Plus d’une centaine de petits commerces tenus par des étrangers ont été saccagés en une semaine. Doit-on parler de xénophobie ? Le gouvernement sud-africain évoque plutôt la criminalité. Et pourtant, le débat sur la place de ces commerçants étrangers dans le pays a parfois des relents d’intolérance.

La ministre des Petites entreprises, Lindiwe Zulu, a appelé à une réglementation plus stricte à l’encontre de ces commerçants, rappelant qu’ils étaient gracieusement accueillis dans le pays et devaient partager les recettes de leurs réussites commerciales.

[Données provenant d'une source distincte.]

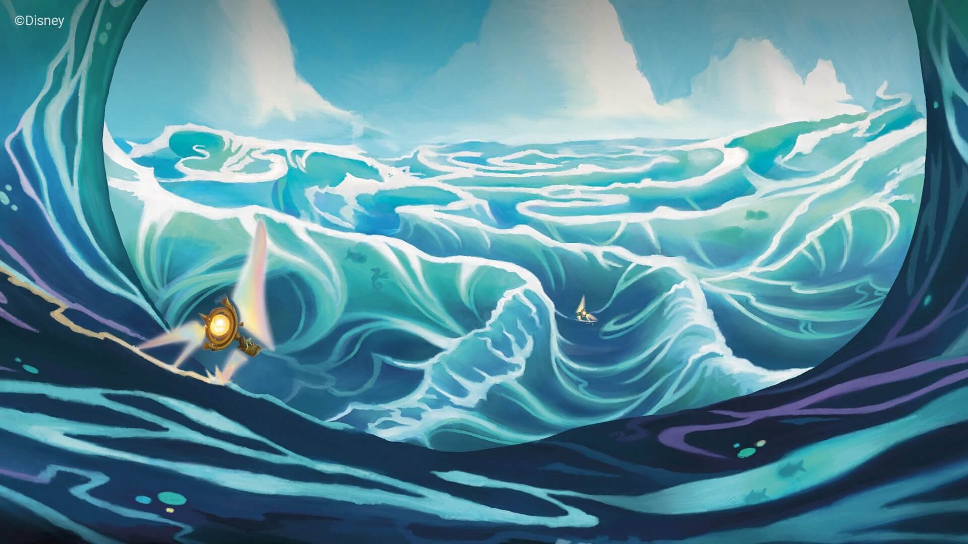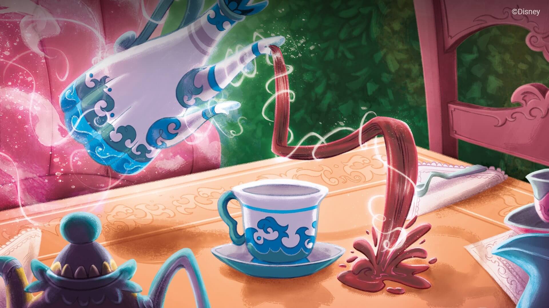 「俺のティーポットが!俺のティーポットが!」アズライト海の岸辺から、マッドハッターのグリマーが叫んでいました。アリスのグリマーが彼の指さす方向を見やると、遠くの波間に青と白のティーポットがぷかぷかと浮かんでいるのが見えました。

Pour Lebogang Maile, responsable du développement économique de la région Johannesburg-Pretoria, les commerçants étrangers doivent s’intégrer dans les townships :

« Il faut que nous réfléchissions au type d’investissements qu’ils font. Parce que si ces investissements ne bénéficient pas à l’économie locale et que les gens ne peuvent pas trouver de travail décent, quel est l’intérêt d’avoir ces commerçants étrangers dans les townships. Ils ne font que prendre avantage des locaux et ce n’est pas juste. »

Les différentes organisations de protection des droits de l’homme mettent en garde. Il y avait des éléments criminels dans ces pillages et la pauvreté et les inégalités y contribuent, mais elles contribuent également à l’intolérance et à la xénophobie.